Original task: {task}
Agent results:
{chr(10).join(f'{k}: {v}' for k, v in results.items())}
Synthesize these into a complete, coherent response.
"""
return orchestrator.run(synthesis_prompt)
Parallel Execution
For independent subtasks, run agents concurrently:
import asyncio
import anthropic
async_client = anthropic.AsyncAnthropic()
async def run_agent_async(agent: Agent, task: str) -> tuple[str, str]:
response = await async_client.messages.create(
model="claude-opus-4-8",
max_tokens=2048,
system=agent.system_prompt,
messages=[{"role": "user", "content": task}]
)
return agent.name, response.content[0].text
async def run_parallel(tasks: dict[str, tuple[Agent, str]]) -> dict[str, str]:
coroutines = [
run_agent_async(agent, task)
for agent, task in tasks.values()
]
results = await asyncio.gather(*coroutines)
return dict(results)
# Run research, writing, and data analysis simultaneously
results = asyncio.run(run_parallel({
"competitor_research": (research_agent, "Find top 5 competitors of Notion"),
"market_size": (data_agent, "Estimate the project management software market size"),
"user_trends": (research_agent, "What are users saying about Notion vs Obsidian?")
}))
Shared State / Memory
Agents need to share context without repeating work:
from dataclasses import dataclass, field
from datetime import datetime
@dataclass
class SharedMemory:
task_id: str
context: dict = field(default_factory=dict)
findings: list[dict] = field(default_factory=list)
completed_subtasks: list[str] = field(default_factory=list)

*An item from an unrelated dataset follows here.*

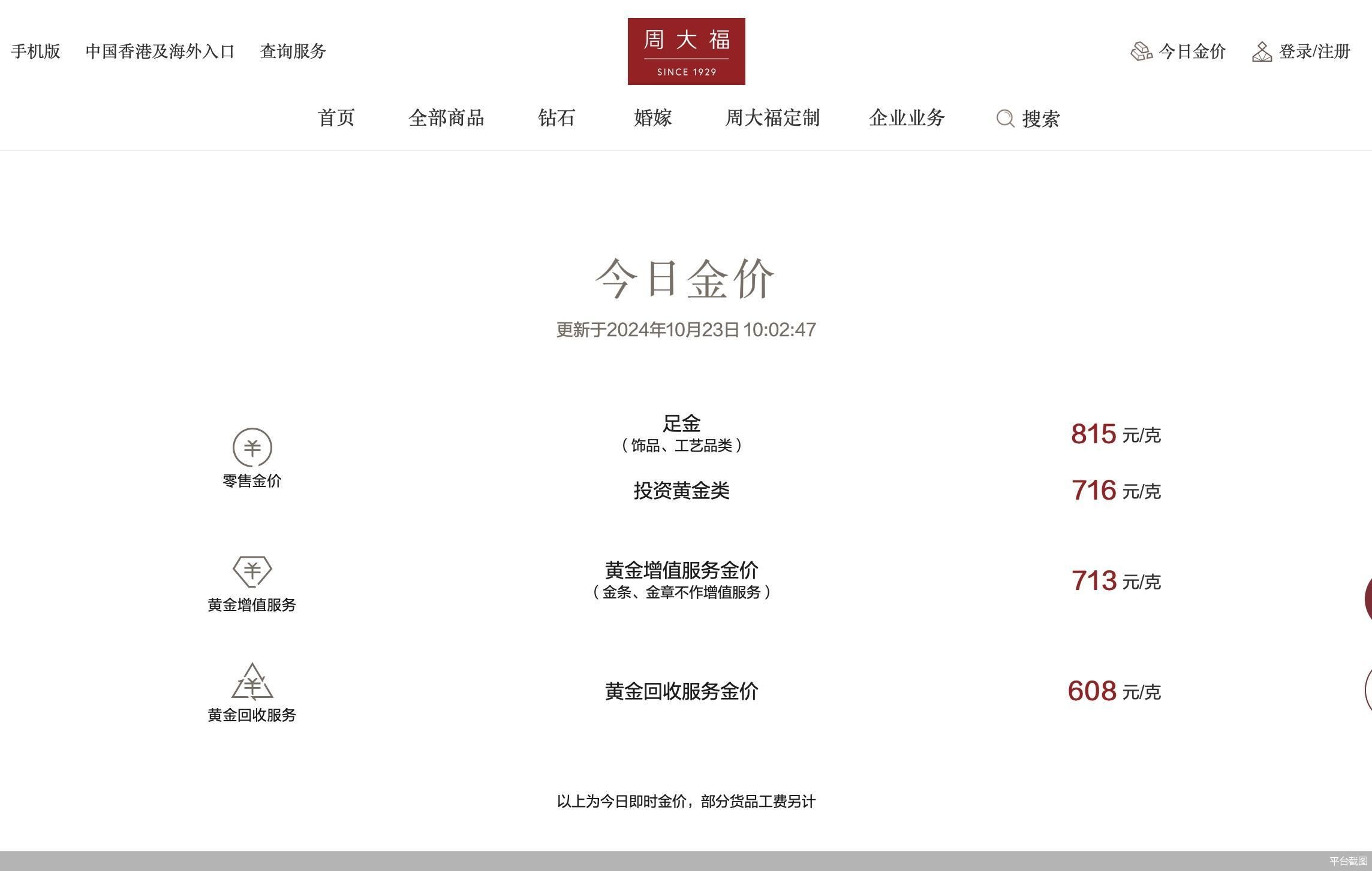 黄金饰品的价格正一路“狂飙”。10月23日,北京商报记者走访线下黄金门店发现,大部分黄金品牌的足金金价已突破800元/克。其中,周大福足金金价达815元/克,投资黄金金价达708元/克;周生生足金金价达812元/克;老庙黄金足金金价也高达813元/克。周大生、中国黄金、菜百首饰等品牌的金价也有着不同程度的增幅。以周大福为例,相较于1月4日足金饰品623元/克的价格,短短不到一年时间,黄金饰品价格已上涨192元/克,涨幅达30.8%,和去年同期相比,涨幅达33.4%。

def add_finding(self, agent: str, content: str, confidence: float = 1.0):
self.findings.append({
"agent": agent,
"content": content,
"confidence": confidence,
"timestamp": datetime.utcnow().isoformat()
})
def get_context_summary(self) -> str:
if not self.findings:
return "No previous findings."
return "\n".join(
f"[{f['agent']}]: {f['content']}"
for f in self.findings[-10:] # Last 10 findings
)
memory = SharedMemory(task_id="research-001")
class MemoryAwareAgent(Agent):
def run_with_memory(self, task: str, memory: SharedMemory) -> str:
context = f"Previous findings:\n{memory.get_context_summary()}"

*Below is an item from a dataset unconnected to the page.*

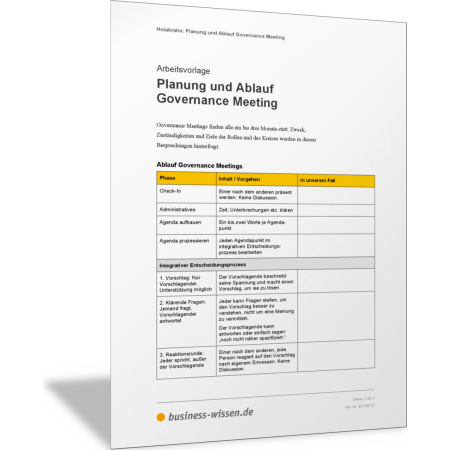 In dieser Vorlage sind die einzelnen Phasen (Schritte) und die Tagesordnungspunkte für ein Governance Meeting erläutert, wie es bei der Holakratie-Organisation regelmäßig durchgeführt wird. Damit können Sie Ihre Meetings planen und sich entsprechend vorbereiten. Das wesentliche Merkmal beim Ablauf eines Governance Meetings: Vorschläge und Anträge werden gemäß diesem Ablaufschema vorgestellt, diskutiert, bewertet und verbessert. Insbesondere werden Einwände zu den Vorschlägen systematisch abgearbeitet.

result = self.run(task, context)
memory.add_finding(self.name, result[:500]) # Store summary
return result
Agent Handoffs
Some tasks require one agent to pass control to another mid-task:
HANDOFF_TOOL = {
"name": "handoff_to_agent",
"description": "Transfer control to a specialized agent for a specific subtask",
"input_schema": {
"type": "object",
"properties": {
"agent": {"type": "string", "description": "Agent name to hand off to"},
"task": {"type": "string", "description": "Specific task for that agent"},
"context": {"type": "string", "description": "Context needed for the task"}
},
"required": ["agent", "task"]
}
}
def handle_handoff(agent_name: str, task: str, context: str, agents: dict) -> str:
if agent_name not in agents:
return f"Error: Unknown agent {agent_name}"
return agents[agent_name].run(task, context)
Cost and Latency Management
Multi-agent systems multiply API costs. Optimize:
# Use cheaper models for simple subtasks
AGENT_MODELS = {
"research": "claude-haiku-4-5-20251001", # Fast, cheap for search/retrieval
"writing": "claude-opus-4-8", # Best for prose
"coding": "claude-sonnet-5", # Good balance for code
"verification": "claude-haiku-4-5-20251001" # Quick fact checks
}
# Cache agent outputs for identical inputs
from functools import lru_cache
@lru_cache(maxsize=100)
def cached_agent_run(agent_name: str, task_hash: str) -> str:
return agents[agent_name].run(task_hash) # task_hash is a hash of the task
Multi-agent systems work best when: tasks are clearly divisible, agents can work in parallel, and each agent has a genuinely different specialty. For simple tasks, a single well-prompted agent is almost always better.